RXi Pharmaceuticals won a $600,000 Phase I Advanced Technology SBIR grant from the NIH’s National Institute of Allergy and Infectious Diseases. The funds will be used for preclinical development of RNAi therapeutics based on RXi’s therapeutics platform comprising novel RNAi compounds and delivery technologies.
The firm says the NIAID SBIR grants are awarded to projects that may require more time and money for development than are routinely allowed under the standard SBIR program. It will receive $300,000 per year during 2010 and 2011 for the Phase I stage of the grant and may request up to another $1 million per year for up to three years for the Phase II stage.

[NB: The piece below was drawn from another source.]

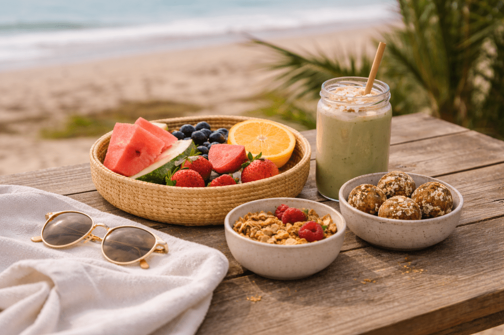 Healthy beach snacks might include fresh fruits, nuts, homemade energy bars or yogurt with granola.

RXi is a discovery-stage biopharma developing a pipeline of RNAi molecules known as rxRNAs™. It claims rxRNAs are distinct from traditional siRNAs in that they demonstrate increased nuclease stability, reduced toxicity levels, and are more easily manufactured. Rxi’s platform is being exploited to design a number of different forms of RNAi compounds, including rxRNAori™, rxRNAsolo™, and self-delivering sd-rxRNA™ molecules. The rxRNA technology is being combined with RXi’s suite of delivery technologies to help optimize the delivery of its therapeutic candidates for both tissue-targeted and systemic applications.
In June RXi announced that as a result of a strategic review of operations it plans to focus its internal therapeutic efforts on the fields of dermatology and ophthalmology. Programs in antiscarring and retinal disorders are currently in progress. RXi projects having its first antiscarring candidate ready for IND submission in 2011, the firm states.
The company in addition aims to evaluate and carry out early development of therapeutic rxRNA candidates in fields including neurology and oncology and then seek partners for further development. In the CNS field RXi is looking at the potential to exploit its self-delivering sd-rxRNA’s for the treatment of severe CNS or spinal cord diseases. Cancer therapeutics research will be focused on liver metastases and hepatocellular carcinoma, using systemic delivery of sd-rxRNA or rxRNA compounds in combination with delivery vehicles.